Eight thousand Hunan daughters go to the Tianshan Mountains - watch full episodes online

by cc455 on 2009-10-08 19:47:04

In the early 1950s, after Xinjiang was peacefully liberated, the decision-makers of New China ordered the 200,000 troops stationed in Xinjiang to cultivate wasteland and settle down there with the aim of changing the situation since ancient times that reclamation ended after one generation, thereby achieving the strategic goal of long-term peace and stability. Under the call of the Central Committee of the Party to build Xinjiang, a wave of enlistment swept through Hunan Province, and soon enthusiastic women from Hunan gathered in the ancient capital of Changsha to sign up for military service. Literary youth Chu-Yu Zhuang, twin sisters Cai-Ling and Cai-Wei, maid Xi-Mei, Yun-Jie Qiu and Yue Shen from Zhou-Nan Girls' Middle School, among others, representing eight thousand women from Hunan, set off for Xinjiang with the beautiful aspiration of building the frontier and embracing their sacred youthful dreams, bidding farewell to family and friends. They endured hardships and arrived in Xinjiang.

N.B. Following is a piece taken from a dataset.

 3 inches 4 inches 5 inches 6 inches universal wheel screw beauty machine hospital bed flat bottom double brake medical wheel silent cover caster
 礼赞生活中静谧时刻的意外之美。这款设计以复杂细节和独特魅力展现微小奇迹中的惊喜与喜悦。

On the way, the women endured countless difficulties. In their first stop—Xi'an, they encountered a bus rollover accident where Cai-Ling died a glorious death. Witnessing this tragedy, coupled with homesickness, Yun-Jie Qiu and Yue Shen became deserters, but fate brought them back to the army. At the time, bandits still roamed within Xinjiang's borders, ready to seize food and people, seriously threatening the troops entering Xinjiang. To ensure the safety of the eight thousand women before winter, our army deployed an elite force for reinforcement. Meanwhile, under Chu-Yu Zhuang’s leadership, the women used their umbrellas as weapons, cooperating with the troops to completely annihilate the bandits. The women experienced the passion and cruelty of war during this operation.

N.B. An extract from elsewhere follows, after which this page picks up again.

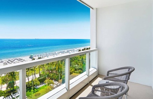 Wake up to the breathtaking beauty of the Atlantic in this oceanfront junior suite on the 8th floor of the Sorrento Tower at the Fontainebleau Resort. Enjoy a front-row seat to the beach, boardwalk, and stunning sunrises from your private balcony—an ideal setting for peaceful mornings and unforgettable views.
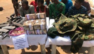 The kidnappers were paraded alongside other suspects at the state Police Command Headquarters Eleyele Ibadan with military camouflage.

After months of arduous travel, the women finally reached the camp of the troops stationed in Xinjiang. However, awaiting them were even more severe challenges: living in underground shelters, eating boiled wheat with salt water, drinking bitter groundwater, and most unbearable of all, not being able to bathe for months. Faced with these conditions, the women burst into tears, unable to believe that their long-awaited military life was like this.

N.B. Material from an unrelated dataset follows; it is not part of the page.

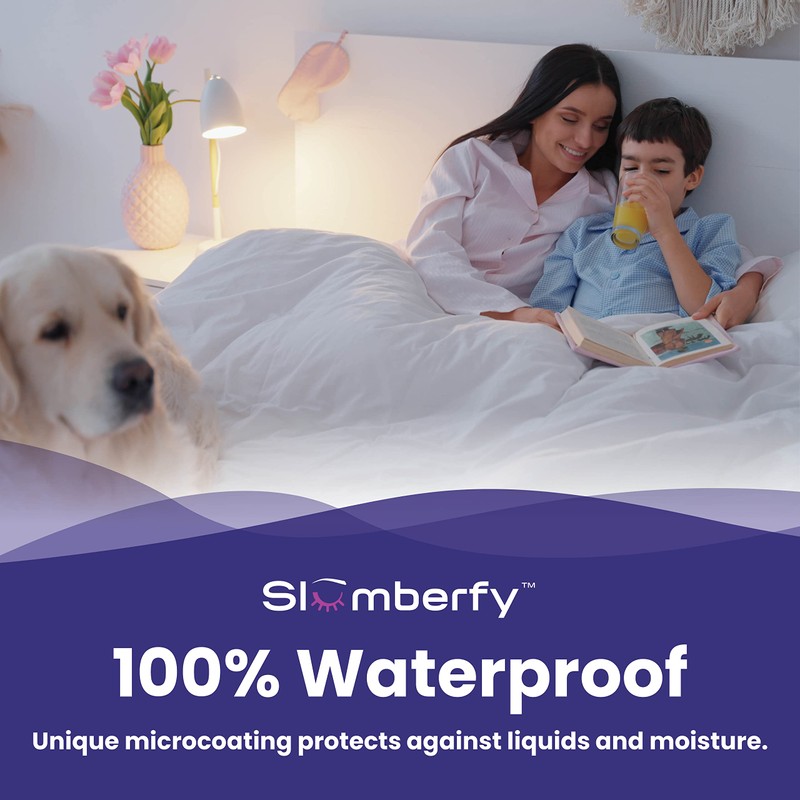 - WATERPROOF MATTRESS ENCASEMENT: Slumberfy has developed a premium Waterproof Mattress Protector Encasement, with a focus on keeping your family’s mattresses safe from bed bugs and dust mites, as well as liquid spills, sweat, dirt, dust and unhealthy allergens that may be lurking in their mattress. Less dust and dirt in your mattress equal a better night’s sleep, every time!

The arrival of the eight thousand women brought the dawn of life to the vast wilderness. Male soldiers showed the greatest enthusiasm in protecting and caring for these younger sisters. The leaders of the troops hoped that these male and female soldiers could harvest love through shared labor, completing the two-generation reclamation historical mission that their predecessors could not accomplish. The free-spirited Chu-Yu Zhuang met her Prince Charming, Fang Xu, and launched an aggressive pursuit. Among the other women, the honest Cai-Wei was the first to be ardently pursued by the simple Tie-Shan Tong. After repeated setbacks, Tie-Shan Tong finally married Cai-Wei as revolutionary partners. The other women also took on this historical responsibility without hesitation, writing a new chapter of revolutionary romanticism, idealism, and heroism in the vast desert and Gobi!